Тот только усмехнулся в белую бороду.
Старцы слишком много видели и слышали всего, чтобы придавать значение некрасивому крику этого иудея…
— …Хотя Он и недалеко от каждого из нас, — продолжал Павел, чувствуя это безразличие и все более и более смущаясь им, — ибо мы Им живём и движемся, и существуем, как и некоторые из ваших стихотворцев говорили: «мы Его и род»…
— Не помню, какой это из стихотворцев провозгласил такую истину, — услышал опять сзади Язон. — Он просто смешон со своими претензиями…
— Итак, мы, будучи род Божий, не должны думать, что божество подобно золоту или серебру, или камню, получившему образ от искусства и вымысла человеческого, — уже слегка охрипшим голосом кричал Павел. — Так, оставляя времена неведения, Бог повелевает всем повсюду людям покаяться…
— Что значит покаяться? — сказал кто-то в толпе.
— Что за дубовая логика!..
— И что за стиль!..
— И почему может он знать, что повелевает его бог?..
— …ибо Он назначил день, в который будет праведно судить вселенную, — продолжал Павел, — посредством мужа предопределённого, подав удостоверение всем, воскресив его из мёртвых…
— А ты говорил, что Анастасия[5] — богиня… Видишь, я правильно передал, что он говорит о воскресении какого-то бога…
— Какого бога? Он только что говорил о муже, а совсем не о боге…
— Клянусь Аполлоном, у меня в голове все кругом пошло!.. Вот напустил туману!..
— Ну, продолжение завтра, — решительно сказал кто-то и пошёл к выходу.
— Да, это самое лучшее. Идём по домам, граждане…

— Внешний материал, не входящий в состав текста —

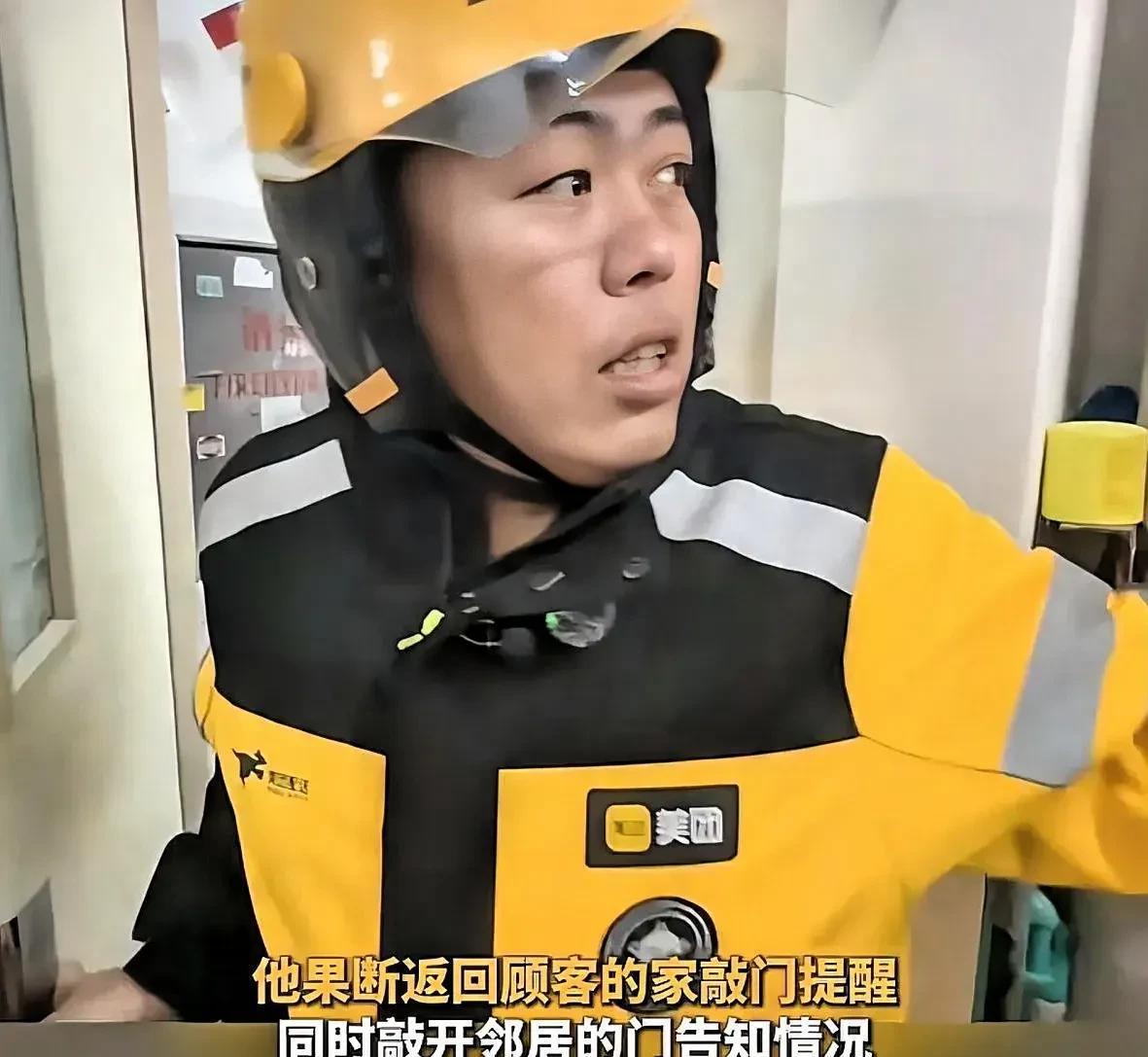 惊魂时刻!北京通州,外卖小哥送完餐,电梯门刚要合上,鼻子一抽:“不对”,他马上掉头,哐哐敲开顾客家的门:“大哥快出来闻闻!” 不等对方回话,一把将他拽到楼道,“哎呀糟了,这是谁家的燃气泄漏了!”顾客吓一大跳。 他刚送进门的是份裹着保温袋的生日蛋糕,手机锁屏上还跳着下一单的取餐倒计时——超时一分钟就要扣三块钱,可那股像臭鸡蛋一样的刺鼻气味,让他连划开手机屏幕的心思都没了。 攥紧外卖箱肩带时,指节绷得发白,他心里只有一个念头:这味浓得呛嗓子,肯定漏了不短时间,要是现在谁家按个开关,整层楼都得炸。 没顾上跟顾客多解释,他一把将人推向楼梯口:“你先撤,快去报警!”自己转身就往燃气味最浓的中间几户冲,拳头砰砰砸在门上。 敲第一家房门时,屋里静得连家电运转的嗡嗡声都没有,他把耳朵贴在门板上听,心跟着往下沉,嗓门扯得发哑:“家里有人吗?燃气漏了!快出来!” 敲到第三家,终于有个老太太颤巍巍开了条缝,眯着眼问“咋咋呼呼干啥”,他半扶半推把人往楼梯口送:“您先下楼等着,安全了再上来!” 等把同层能叫开的住户都送下楼,他鞋跟在楼道里磕得“噔噔”响,一头扎进保安室。 保安刚端起保温杯,就被他拽着胳膊往外扯:“快!XX层燃气漏了,赶紧关总阀!”保安起初还发愣,看他满头汗、脸都急白了,才慌慌张张抓了设备间钥匙往楼里赶。 没几分钟,顾客带着民警赶来,消防车也踩着尖厉的警铃停在楼下。 他扒着楼道口给消防员指方向:“味最浓的是中间那几户,能叫的我都叫出来了,应该没人落里面!” 消防员戴着防毒面具进去排查,很快找到了泄漏点——一户人家的燃气软管老化裂了,灶上还坐着烧干的锅,火早灭了,再晚个三五分钟,只要有人按个开关,后果都不敢想。 这时候,他才掏出手机,屏幕上“超时扣款”的红字明晃晃的,下一单已经超时二十分钟。 揉了揉敲得发红的手背,他没抱怨啥,刚要转身去取餐,被物业经理拦下来:“小伙子,今天真是多亏你了,不然这楼都得受牵连!” 后来平台给他发了见义勇为奖金,社区还送了锦旗。 有人问他当时没惦记超时扣的钱吗?他挠挠头:“那味太冲了,我琢磨着要是真炸了,人家一家子都完了,这点钱算啥啊。” 送外卖这几年,他帮老人拎过菜,给餐裹过两层塑料袋避雨,可这次不一样——是真攥着心在跑,多喊一嗓子、多敲一扇门,就能把危险往远推一点。 如果当时他只想着超时扣款,没回头会怎样? 也许那户人家的锅会继续干烧,也许有人回家按亮电灯,也许整栋楼都会被爆炸声惊醒。 生活里没那么多惊天动地的英雄,更多是陈文林这样的普通人:心里装着旁人的安危,遇上事不躲不缩。 这份藏在日常里的警觉和善意,才是最踏实的安全感——就像他那天没顾上的生日蛋糕,本该带去甜蜜,而他却用一个转身,护住了更多家庭的安稳
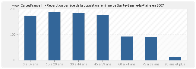 Répartition de la population féminine de Sainte-Gemme-la-Plaine par âge en 2007 :
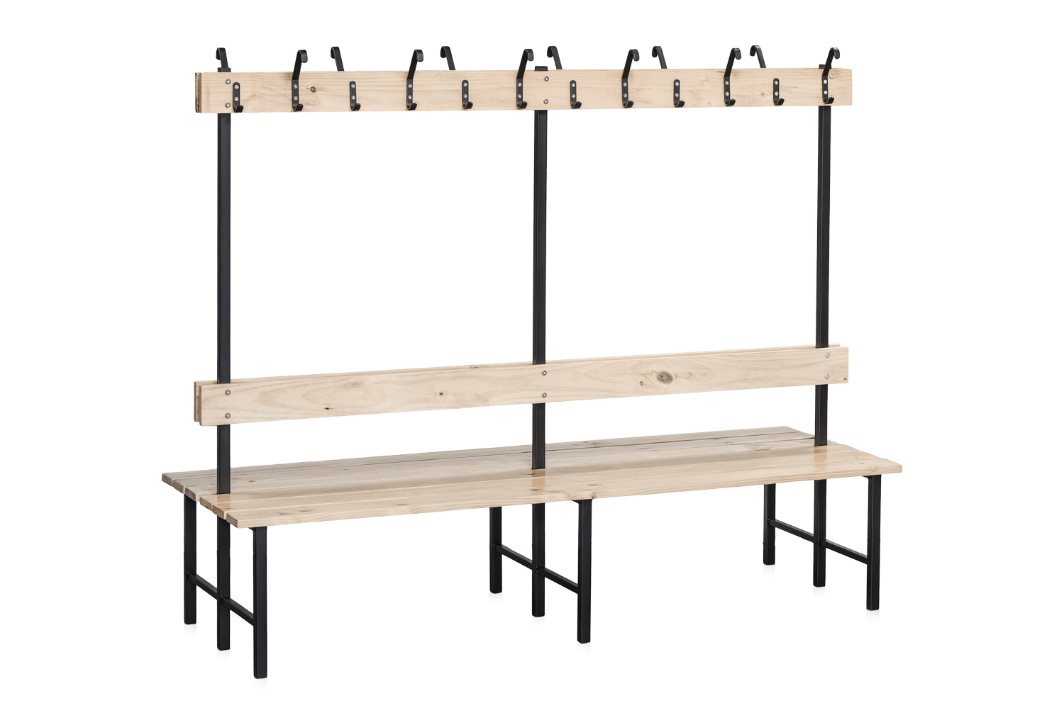Tootekood: 2-657-7 Tugev ja iseseisev pink, ideaalne garderoobidesse või riietusruumidesse. Sisaldab riputusliistu. Pink on varustatud istmeosa, seljatoe ja nagiliistuga, mis on valmistatud läbipaistva lakiga kaetud männipuidust, ning pulbervärvitud musta raamiga. Istumiskõrgus on 430 mm, istmesügavus 365 mm ja kogukõrgus 1600 mm.

— Пойдём и мы, Язон, — сказал Филет. — Он говорит, как варвар…
Они молча пошли среди оживлённой толпы. В душе Язона победно сиял чарующий образ Береники. Может быть, то, что говорят о ней, простые сплетни завистников… Она слишком хороша, чтобы все это было правдой…

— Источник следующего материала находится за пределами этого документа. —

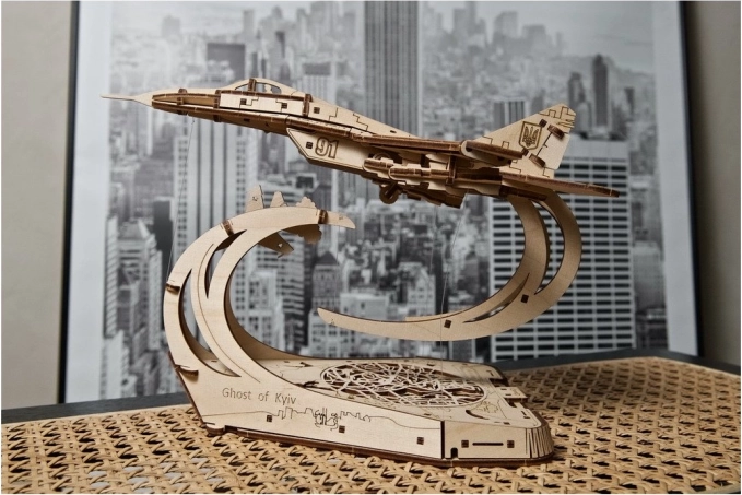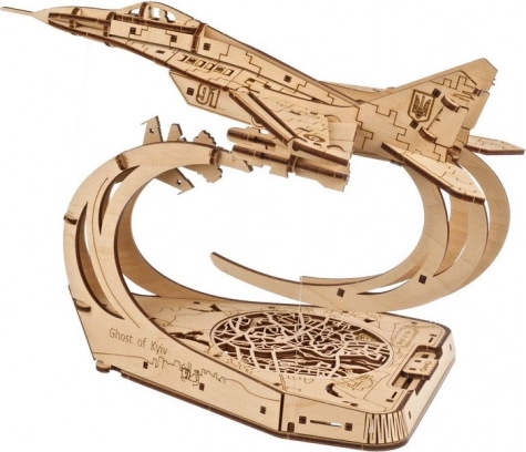 Rozkoszuj się wyjątkową drewnianą układanką 3D, łączącą precyzyjną obróbkę laserową z porywającą opowieścią o bohaterstwie. Model MiG‑29 „Ghost of Kyiv” oferuje ruchome lotki, klapy, chowane podwozie oraz odłączane rakiety. Dzięki zasadzie tensegrity model efektownie „unosi się” nad stylizowaną mapą Kijowa na designerskiej podstawce.
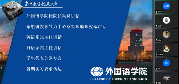 7月10日,学院召开暑期实习线上动员会。徐以中、英语系主任张立新教授、日语系主任窦硕华副教授、东航技术应用研发中心领导力中心总经理助理权钺、东航北京分公司服质部韩琳老师以及参与暑期实习的师生出席了动员会,暑期实习负责教师王孝存副教授主持了会议。徐以中传达了学校围绕立德树人根本任务,按照“以服务谋合作,用贡献促协同”的理念加强企业项目式实习及探索建设共享型人才培养实践基地的要求,指出实习教学是本科人才培养中的重要环节,要求参加暑期实习的全体师生严格按照学校有关部署,确保高质量的安全的实习。权钺代表企业回顾了双方成立民航外语联合科创工作站以来持续丰富校企合作内涵的过程,表示将尽全力与企业项目式实习的师生一同学习,一同探索,一同成长。
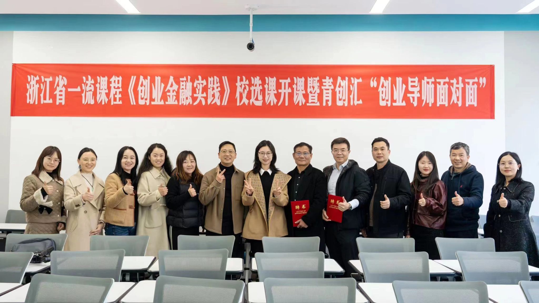 3月19日下午,浙江省一流课程《创业金融实践》校选课开课暨青创汇“创业导师面对面”活动在杨汛桥校区尚学园1-106智慧教室举行,永利官网创新创业学院全体教师,创业导师代表,选修该课程的第三期“青创班”学员,汛蓝大学生创业社、树人文创社、design服装设计社等学生社团成员共百余人参加。创新创业学院院长郭丰主持。
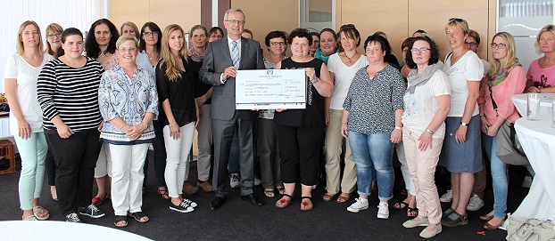 Symbolischer Scheck über 35.500 Euro überreicht (Foto: privat)(bro) (st) 68 Kindergärten und drei Kinderkrippen aus dem Geschäftsgebiet der Volksbank Neckartal freuen sich über eine regelmäßige Unterstützung. Über das Kindergartenförderprogramm der Volksbank Neckartal erhalten die genannten Einrichtungen alle zwei Jahre jeweils 500 Euro aus den Mitteln des Gewinnsparvereins Südwest e.V.. Am Montag, 4. Juli, überreichte Vorstandsvorsitzender Ekkehard Saueressig einen symbolischen Scheck über 35.500 Euro an die zahlreich erschienenen Teilnehmerinnen und Teilnehmer.

— Появление в виду Акрополя этого нескладного иудея символ, — задумчиво сказал Филет. — Много уже есть теперь в Афинах гречанок, которые без ведома мужей отправляют в тишине своего гинекея поклонение иноземным богам — больше всего египетским. И вот на наших глазах приехал из Азии новый бог — кто говорит один, а кто и два. Это нашествие богов-варваров и есть знамение времени. И, может быть, ты увидишь, как под напором их греческие боги отступят в небытие. Я не верю, что иудеи, как утверждал Посидоний Апамейский, стоик, поклоняются ослиной голове, но все эти их невежественные болтуны стоят, пожалуй, ослиной головы…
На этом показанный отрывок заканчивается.